Points on the spectrum

One of the biggest challenges in effectively treating any disorder is, of course, understanding the nature of the disorder. The challenges in treating autism are further exacerbated by the broad spectrum on which it presents. What works on one “end” of the spectrum may not work on the other.

Myomancy: Different Types of Autism: Complex and Essential pointed me to recent research (.pdf file) from Dr. Judith Miles and others at the University of Missouri (Columbia) Autism Center that defines two points on the spectrum – Complex Autism and Essential Autism. From the paper abstract [emphasis is mine]:

Heterogeneity within the autism diagnosis obscures the genetic basis of the disorder and impedes our ability to develop effective treatments. We found that by using two readily available tests, autism can be divided into two subgroups, ‘‘essential autism’’ and ‘‘complex autism,’’ with different outcomes and recurrence risks. Complex autism consists of individuals in whom there is evidence of some abnormality of early morphogenesis, manifested by either significant dysmorphology or microcephaly. The remainder have ‘‘essential autism.’’ Separating essential from complex autism should be the first diagnostic step for children with autism spectrum disorders as it allows better prognostication and counseling. Definition of more homogeneous populations should increase power of research analyses.
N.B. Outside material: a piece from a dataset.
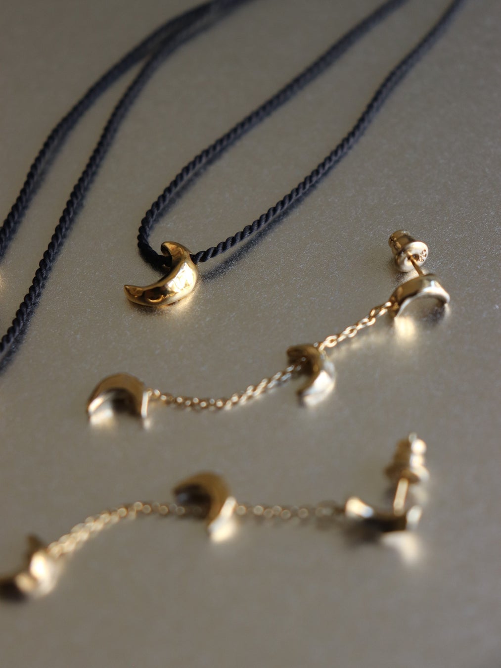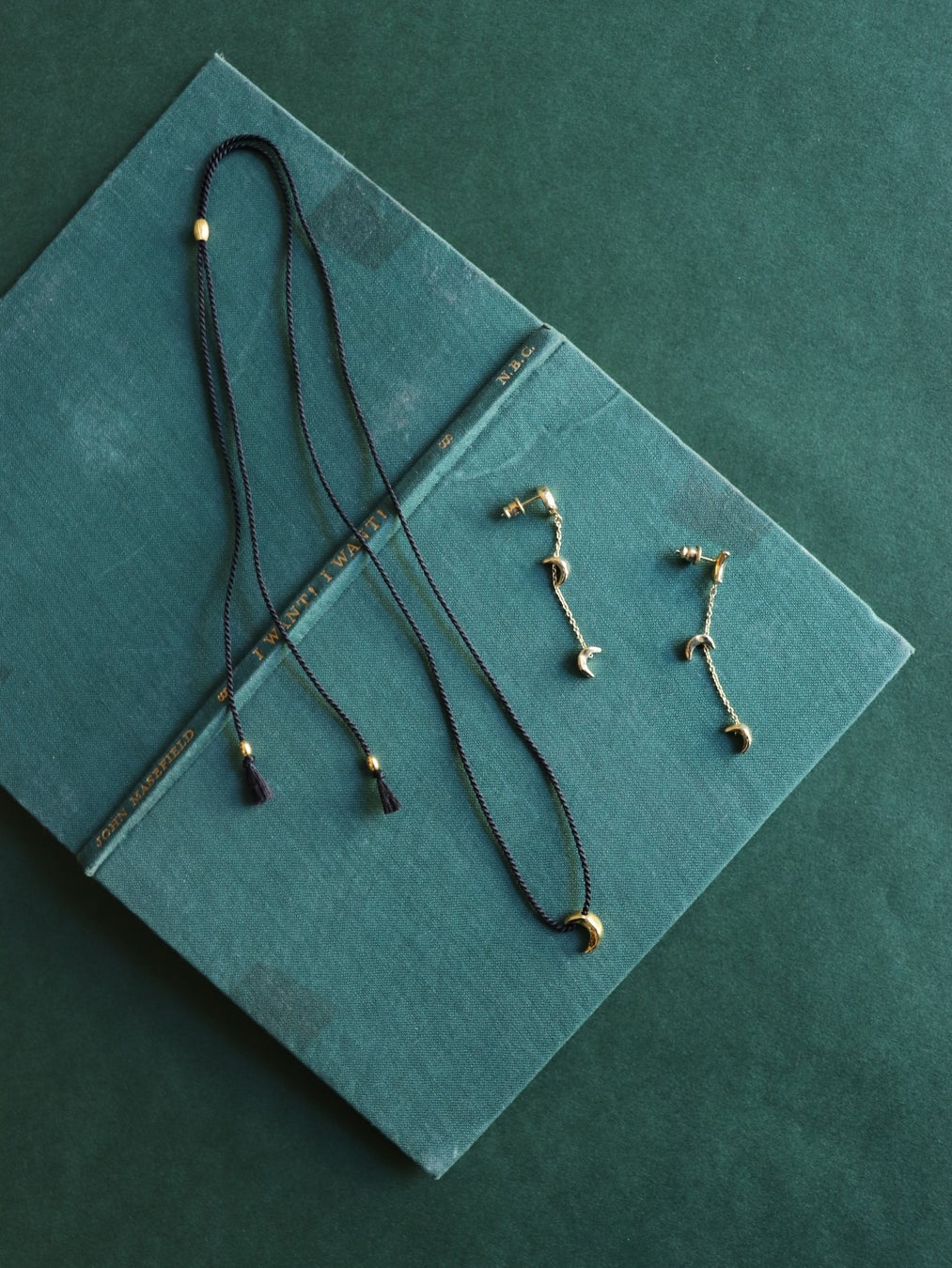 月の光をうけて輝く水面、そこに光りながら広がる波紋を切り取った三日月のようなモチーフが魅力のシルクコードネックレスが発売になりました。甘すぎず、大人の女性が着けやすいニュアンスがあります。

The paper goes into quite a bit of detail (including all the good statistical analysis ;-), and I’ll be the first to admit I had to look up a few of the terms they use (my favorite – etiology), but it is very interesting reading. A lot to think about, and an extensive list of references to follow up with.

On a somewhat related note is Study: No vaccine, autism tie, a news story I found via Google News that discusses Dr. Miles’ findings that there is no connection between vaccinations and autism in children (as I’m sure you gathered from the title of the story). According to the story, Dr. Miles is currently conducting research into the effects of thimerosol during pregnancy.

The study involved women with a certain condition who must receive Rh immune globulin shots during pregnancy. Those women are exposed to thimerosal since it is an ingredient in the injections they receive. “We conclude that there is no indication that pregnancies resulting in children with autism were more likely to be complicated by Rh immune globulin/thimerosal exposure,” Miles said.


The article in the Rocky Mountain News I mentioned above was a bit light on details and left me curious about Dr. Miles’ actual research on the subject. While a quick Google search didn’t turn up anything on that front, I found an overview of autism written by Dr. Miles on Gene Tests, a “publicly funded medical genetics information resource developed for physicians, other healthcare providers, and researchers, available at no cost to all interested persons.”

The overview is quite detailed, though it does give a broadbrush discussion of causes. All in all, though, worthwhile.